A friend of the chef I worked for gave me an engine block and crankshaft. I had to buy a camshaft and pistons and cylinders and much, much more from the Whitney catalogue, accumulating them as I could afford them. Thus the rebuild job stretched through a winter, during which I hitchhiked to work and back.

Muir couldn’t overstress how important it was to keep the components clean. I watched with dismay as grease got into everything. But the parts-packages arrived, I fitted them into place, and by spring I had the block back together and called for my crew to help me reinstall it.

Genius at work.
I’d already learned that the last thing you want to tell a professional mechanic is that you work on your own car. There’s an expression that sits between contempt and pity that crosses the other’s face. Worse is to confess that you rebuilt the engine. Worst of all: to so-confess and add that it won’t turn over. They loved that at the garage to which I towed my vehicle. Even more, they gloried in revealing the diagnosis: “You got the distributor in backwards.”

After which my Karmann-Ghia was alive once more, its compression levels better than ever.
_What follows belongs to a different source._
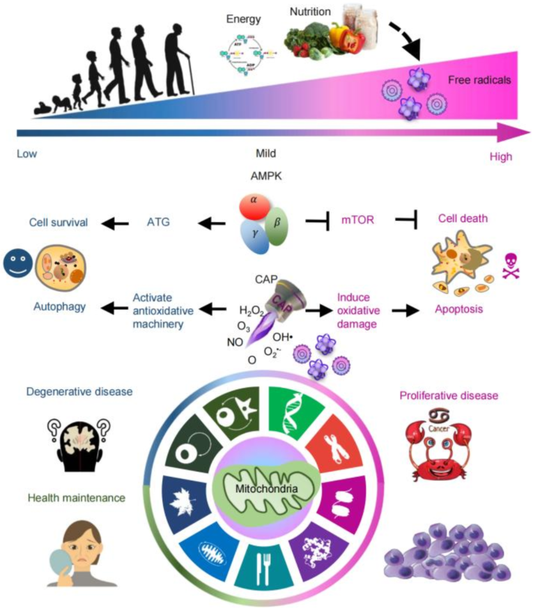 Free radicals play a dual, dose-dependent role in aging. Low levels activate the key sensor adenosine 5'-monophosphate-activated protein kinase (AMPK), promoting cell survival mechanisms like autophagy and enhancing mitochondrial health. High levels, however, push AMPK to initiate cell death pathways, such as apoptosis. This positions AMPK as a central nexus linking free radical signaling to mitochondrial function and aging outcomes. Based on this principle, cold atmospheric plasma (CAP), as a controllable source of reactive species including free radicals, offers therapeutic potential. Lower doses can support health and treat degenerative diseases by boosting cellular resilience and survival. Conversely, higher doses can be applied to eliminate malignant cells, making CAP a promising tool against proliferative diseases like cancers.

I gloried in its reanimation even as the brakes grew sloppy and I dragged out Muir again. The master cylinder needed to be replaced. I ordered one from Whitney. My roommate, ignorant of its brakelessness, borrowed it for a quick errand. It met its end against a Buick. The Buick was undamaged; the Ghia was toast. Thankfully, the fates have seen fit to clog car engines which annoyances ranging from fuel injection to computer modules. My fingernails sparkle.